* _Information shown_
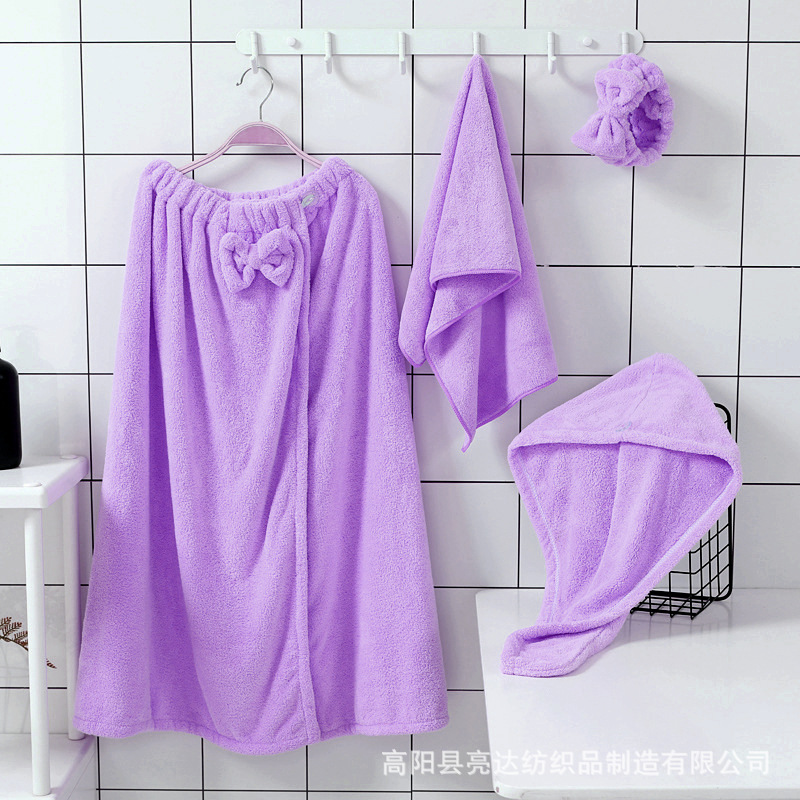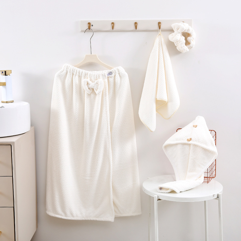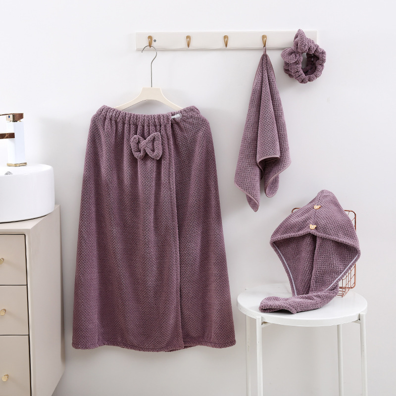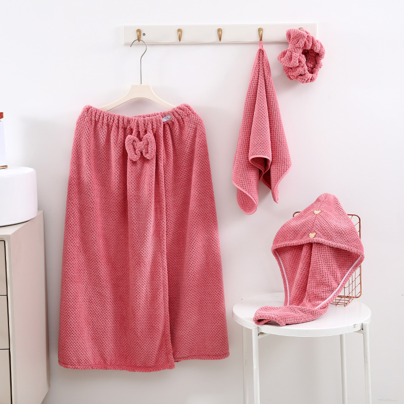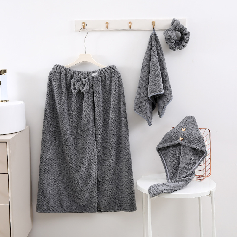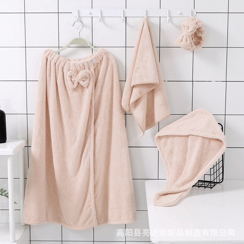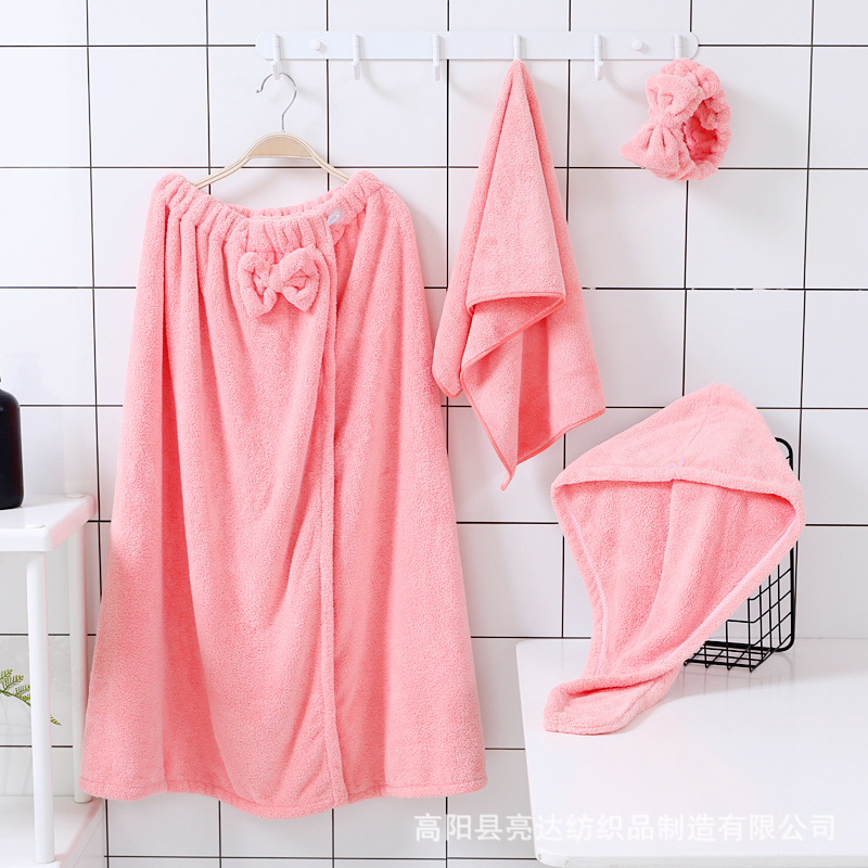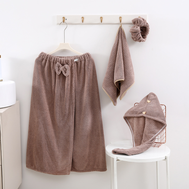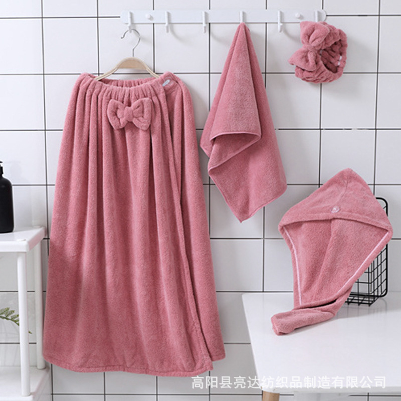목욕 타월 끈이없는 여성 착용 및 랩 산호 양털 목욕 스커트 3 종 세트 가정용 흡수성 소프트 대형 타월 제조 업체 도매
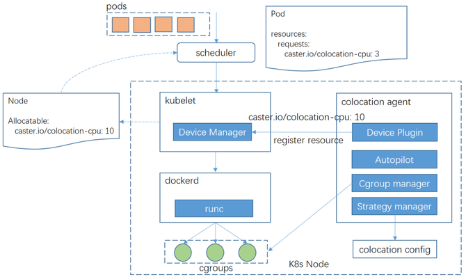 1. colocation agent模块中,策略组件会实时加载当前接收到的混部配置,并调用autopilot组件进行混部算力的计算,然后通过device-plugin组件上报混部扩展资源,例如caster.io/colocation-cpu
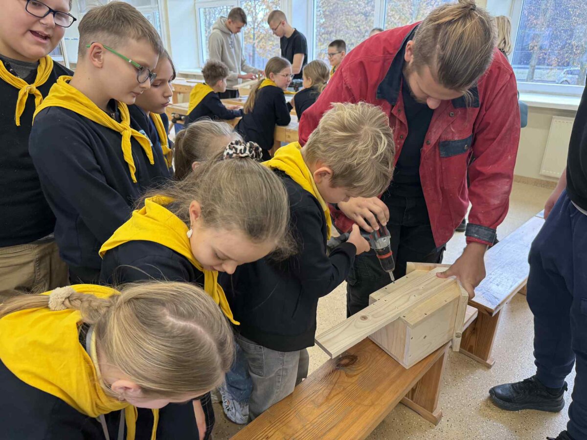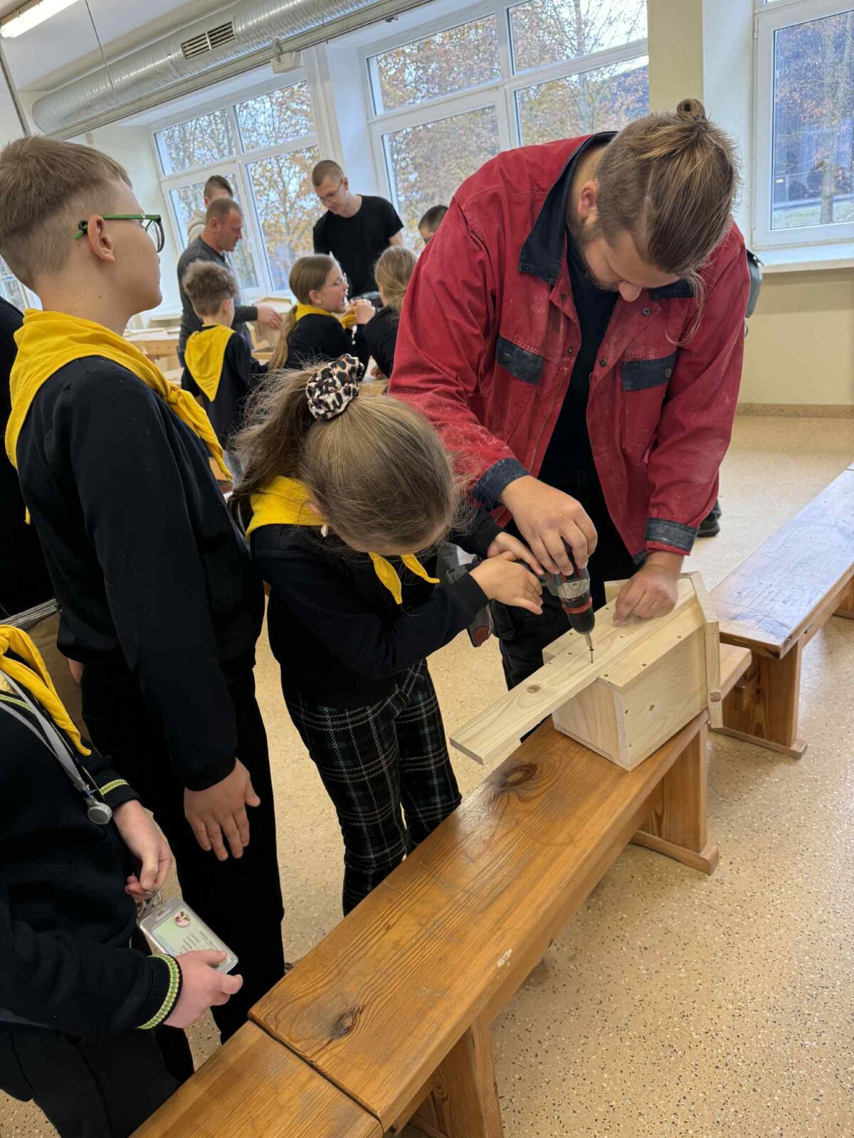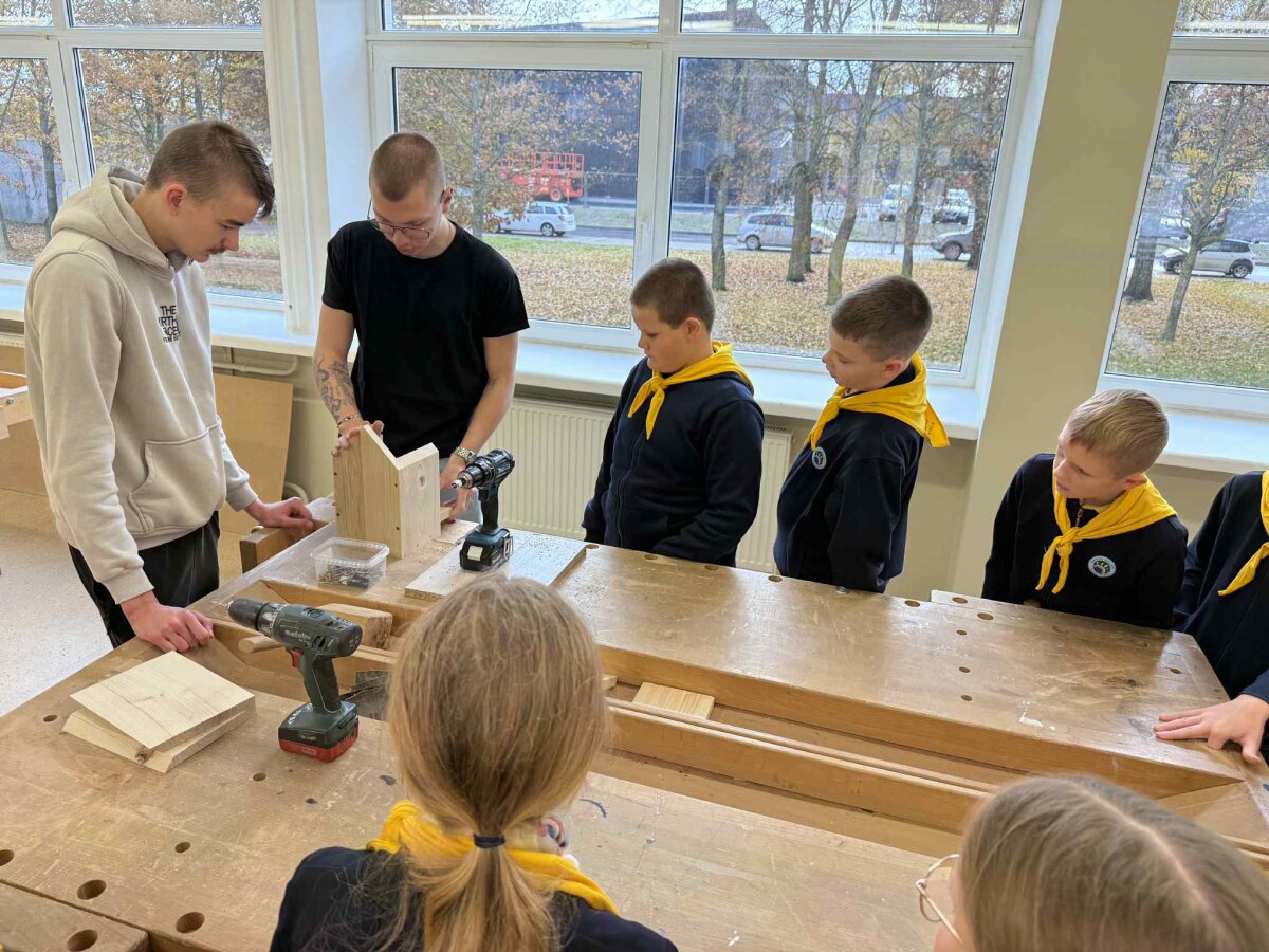 Spalio 30 dieną 4b klasės mokiniai lankėsi Šiaulių technologijų mokymo centre, informacinių technologijų ir statybos skyriuje. Vizito metu mokiniai dalyvavo edukacinėje veikloje „Inkilų dirbtuvės: mokome ir kuriame“, kurios metu susipažino su staliaus profesija ir galėjo stebėti, kaip iš paprastos lentos gimsta paukščių nameliai.

* _Requirement_
Wherever a picture appears in the listing above, drop it, and restate the rest exactly.

* _Expected output_
목욕 타월 끈이없는 여성 착용 및 랩 산호 양털 목욕 스커트 3 종 세트 가정용 흡수성 소프트 대형 타월 제조 업체 도매
 1. colocation agent模块中,策略组件会实时加载当前接收到的混部配置,并调用autopilot组件进行混部算力的计算,然后通过device-plugin组件上报混部扩展资源,例如caster.io/colocation-cpu
 Spalio 30 dieną 4b klasės mokiniai lankėsi Šiaulių technologijų mokymo centre, informacinių technologijų ir statybos skyriuje. Vizito metu mokiniai dalyvavo edukacinėje veikloje „Inkilų dirbtuvės: mokome ir kuriame“, kurios metu susipažino su staliaus profesija ir galėjo stebėti, kaip iš paprastos lentos gimsta paukščių nameliai.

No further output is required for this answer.